You’re just straight up

You’re just straight up wrong.

No, you misunderstand me. I was over-broad, particularly with the use of the word "all." I'll clarify.

When I said "in this context" I was referring to the type of right that normally falls within the ambit of the so-called "right to privacy." Specifically, this particular class of rights is a form of protection from government interference.

I should have been more clear that I am distinguishing between:
(1) rights against the government and
(2) rights against other private persons.

The reason for this distinction should be obvious. The source of our rights against other persons is not the government. We are endowed with these rights by our Creator, as someone once said. They are not the gift of government. They exist before and apart from government. We create government to secure them, not to make them.

In contrast, the government's powers are (in early American Constitutional theory, at least) granted to it by the sovereign, independent people. As Mr. Hamilton was explaining above, we delegate these powers to governments, and whatever we reserve are rights. We thus have rights against the government precisely to the extent to which we do not grant it a power.

Now, whoever invented the phrase "right to privacy" did not seem to understand this basic structure of American government. The rights that fall within this concept consist of rights against government power -- the right to be free of laws regulating sexual conduct, abortion, etc. The so-called "right to privacy," therefore, is a right against the government, just like the right to be free of unreasonable search and seizure, the right to the free exercise of religion, etc. This group also includes the right to be free of arbitrary governmental action against us, which therefore includes the right to trial by jury, which may look like a right against another private person, but it is actually a right against the government, even though that governmental action is instigated by another private person in the context of a civil suit. (So, your first example is misplaced.)

The term "privacy" (as it is used in the context of the "right to privacy"), means nothing other than a generalized freedom from governmental action.

In that sense, ALL rights against the government are FORMS of "privacy!" The right to be free from government seizure of firearms, free from having troops quartered in our homes, to not be punished without specific trial procedures ... all of these are rights against the government. All of these are FORMS OF PRIVACY.

As I said, my disagreement with the idea of a "right to privacy" is that the term is stupid, meaningless, redundant, etc. If they wanted to call it a "right to sexual privacy," it might be a little better, but it would be better if the word "privacy" were removed altogether.

My larger point is that whatever the word "privacy" is meant to cover is already covered by the fundamental structure of a constitutional government.

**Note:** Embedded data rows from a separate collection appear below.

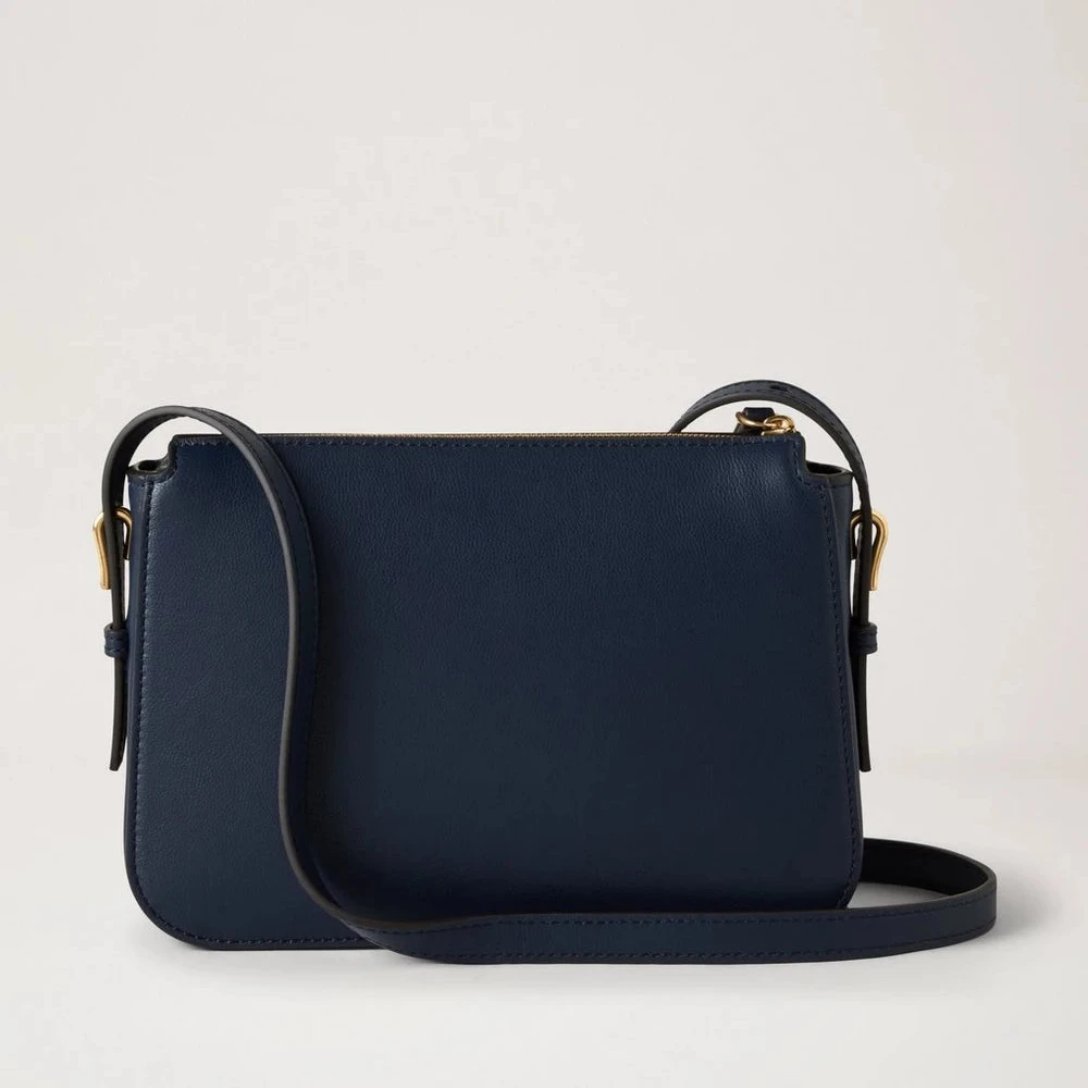 Väskan är tillverkad av exklusivt Micro Classic Grain-läder i färgen Night Sky (mörkblå) vilket ger en ljus, elegant och lyxig look. Den har en praktisk dragkedja, en avtagbar och justerbar axelrem, samt fina mjuka gulddetaljer som framhäver den tidlösa designen. Det markerade Mulberrylogotyp på framsidan ger en diskret touch av exklusivitet.
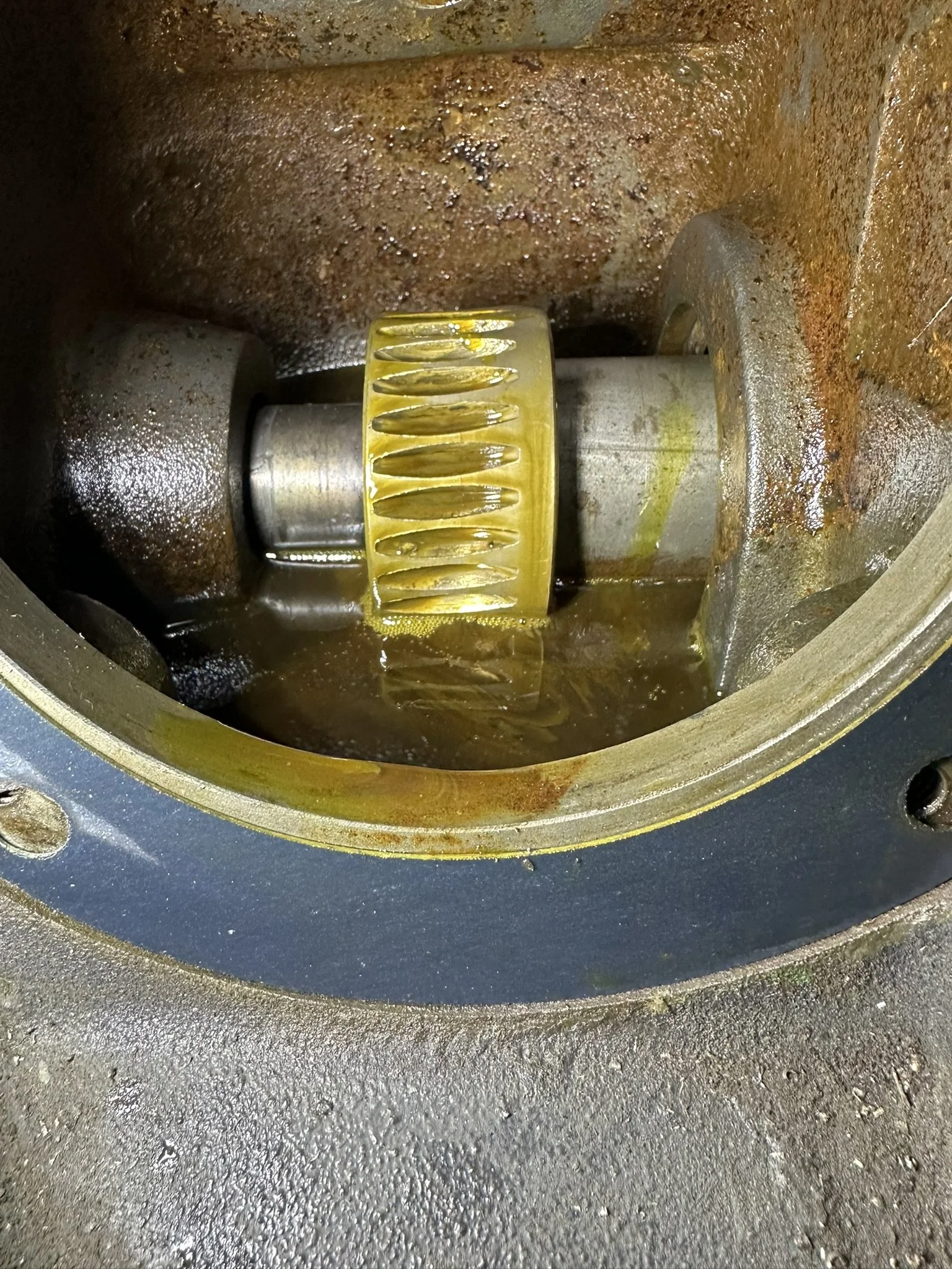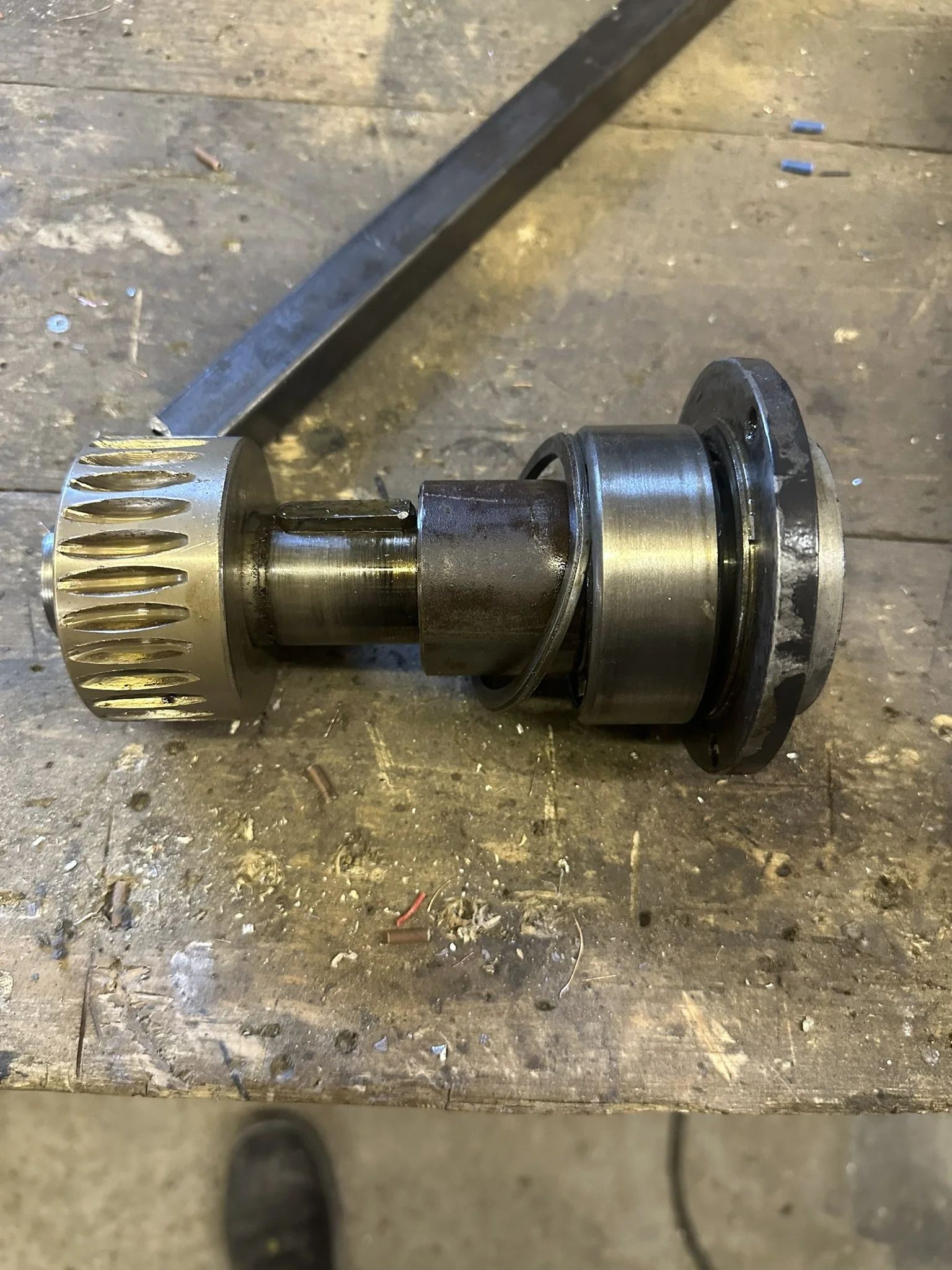 Door de hardheid van deze as was uitboren niet mogelijk, als oplossing is de as na demontage doormiddel van een warmtebehandeling zachter gemaakt, hierdoor is het mogelijk om de bout uit te boren en de as te voorzien van nieuwe schroefdraad. Na montage met nieuwe afdichtingen was de machine weer in goede staat.
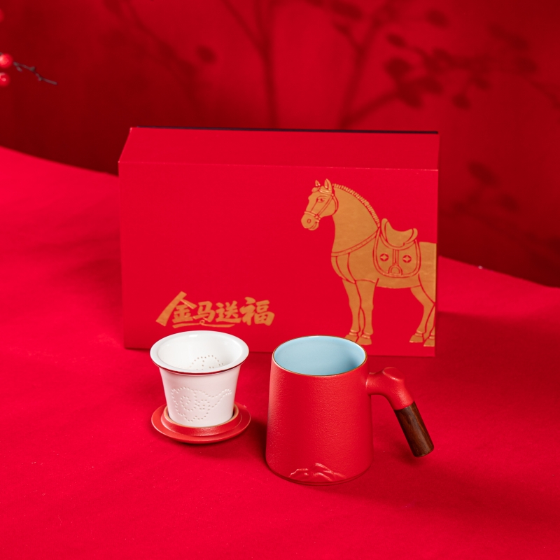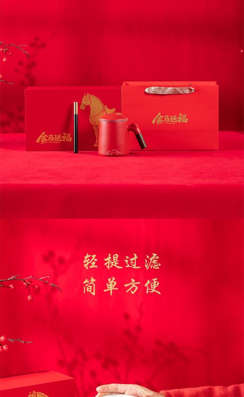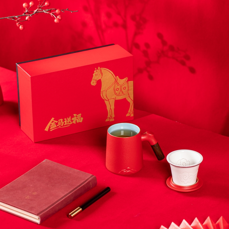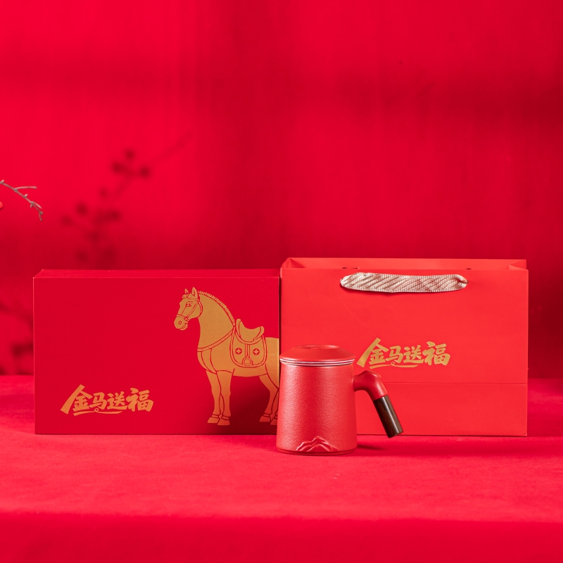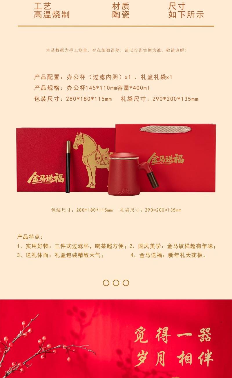产品配置:办公杯(过滤内胆)x1 、礼盒礼袋x1 产品规格:办公杯145*110mm容量*400ml 产品特点: 1、实用好物:三件式过滤杯,喝茶超方便; 2、国风美学:金马纹样超有年味; 3、送礼体面:礼盒包装精致大气; 4、金马送福:新年礼天花板。
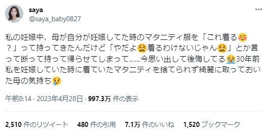 sayaさんのお母さんが「これ着る?」と持ってきたのは、かつてお母さんがsayaさんを妊娠していたときに着ていたマタニティ服。sayaさんは「やだよ、着るわけないじゃん」と断り、持って帰ってもらいました。しかし、ふと思い出すとsayaさんには後悔の気持ちが。
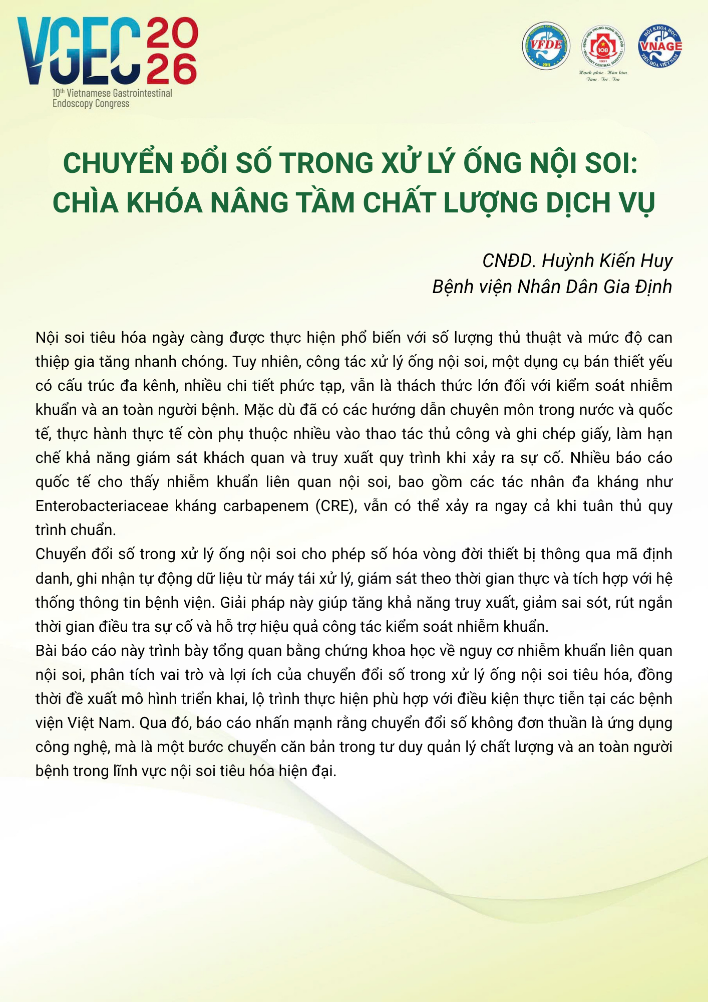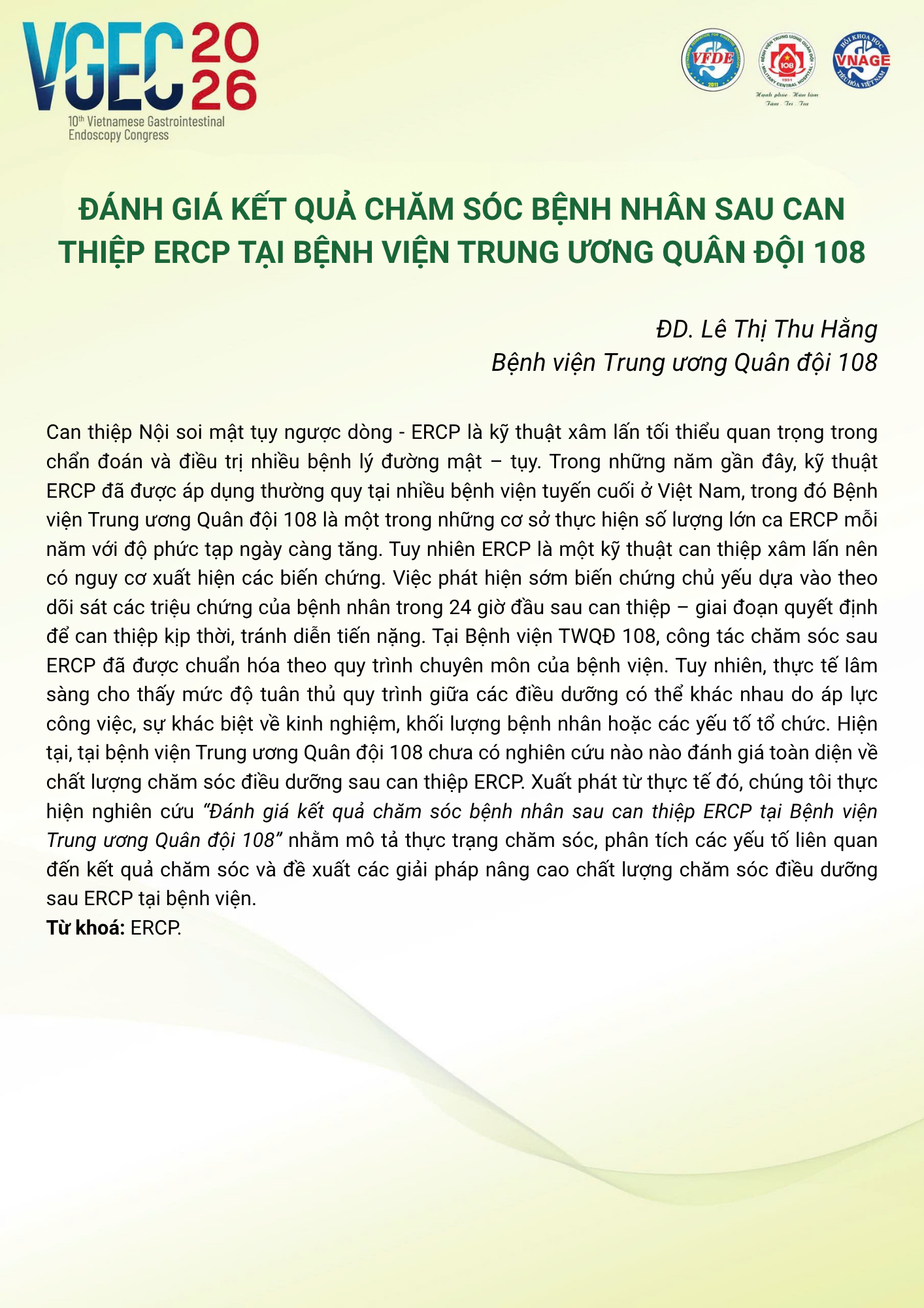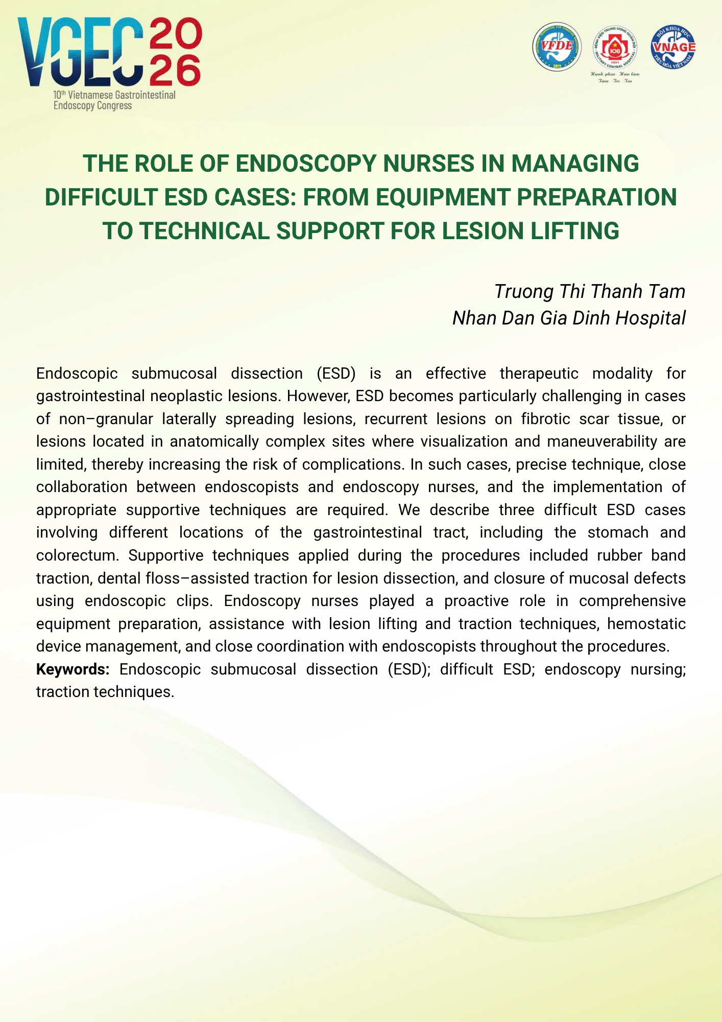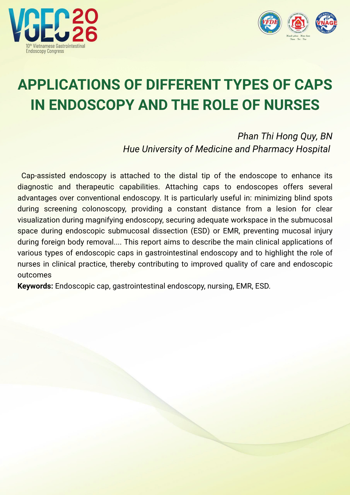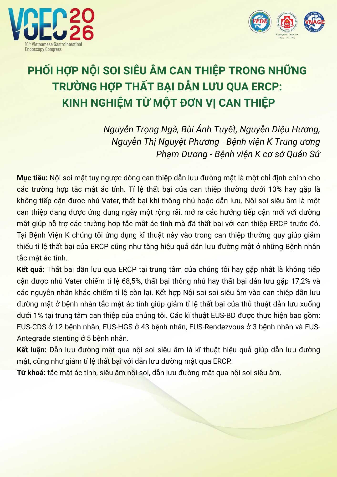 CHỦ ĐỀ: VAI TRÒ CỦA ĐIỀU DƯỠNG NỘI SOI TRONG TỐI ƯU HÓA AN TOÀN VÀ HIỆU QUẢ CỦA CÁC THỦ THUẬT NỘI SOI CAN THIỆP
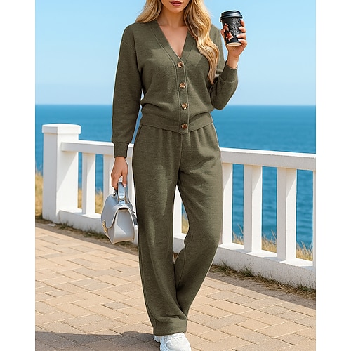 Per donna Cardigan lavorato a maglia Abiti da salotto Tinta unita Completo Abbigliamento Autunno Nero Blu Lavoro All'aperto Viaggio Leggero Di tendenza Manica Lunga Sport Abbigliamento sportivo
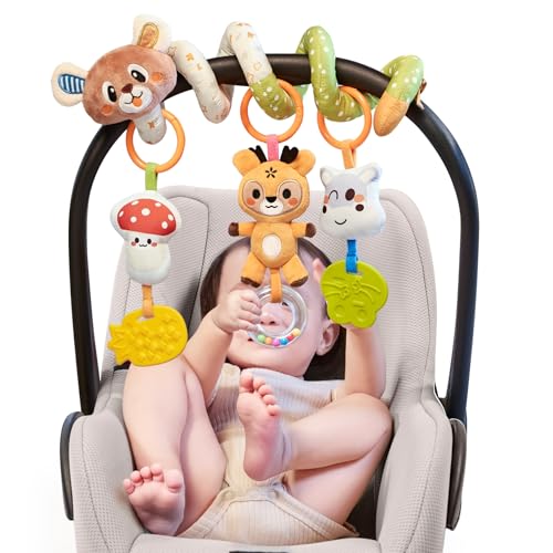 TUMAMA Babybåge, barnvagn med spiralleksak, baby 0 3 6 9 12 månader, babybåge, barnsäng, leksak, bilstol, klämma, lekbåge, på språng sensorisk skallra leksak, gåva, nyfödd småbarn
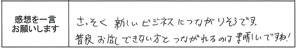 普段の営業時では、お仕事中ということもあり形式的な受け答えのみの場合が多いのですが、
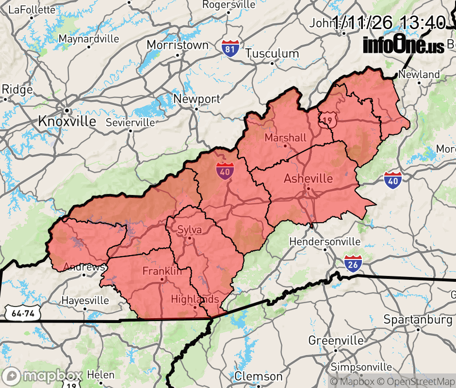 Buncombe, Graham, Haywood, Macon, Madison, Mitchell, Northern Jackson, Southern Jackson, Swain, and Yancey Counties.
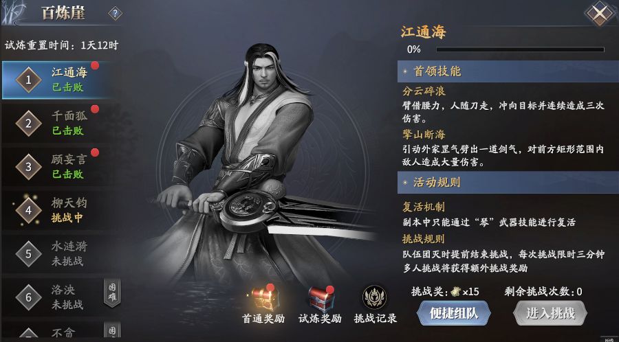 百炼崖共有8层,第1周为1~8层;之后将根据上一周的挑战结果提升副本层级难度。帮派成员可组成5人小队前往挑战,每次挑战时长为3分钟。如果中途退出将无法再次进入副本。如果3分钟内击败副本首领,那么将自动刷新下一关首领继续挑战。

But, the kind of people who toss the term "right to privacy" around also happen to be the same people (generally speaking) who also seem to reject the idea of a federal government of limited and enumerated powers (i.e., leftists and liberals). Why is that? Why do they so vigorously reject the idea of a federal government that was never granted the power to do 90% of what it does now?

Because they are the poltitical beneficiaries of those governmental functions. If we simply respected the idea of a government that has no power except those that were expressly granted, then the New Deal would be eradicated, the Great Society too, etc. States would have a great deal more power than they do now. This all goes against the left-liberal agenda.

If the left-liberals advocated a government of limited and enumerated powers (i.e., reading the Constitution as it actually is, not as they'd like it to be), then they would not need the idea of a "right to privacy." They would be able to merely point to the Constitution, show that there is no power granted to regulate such matters, and that would be the sum total of the argument. They don't do this because that would also undermine everything else on their agenda, particularly as to economic matters. So, they invent and rely on the vague, meaningless term "right to privacy" in order to make up for this deficiency.

That's as "straight up" as I can be, Josh.

Funny about the 9th

Funny about the 9th amendment. "The enumeration in the Constitution, of certain rights, shall not be construed to deny or disparage others retained by the people". It say nothing.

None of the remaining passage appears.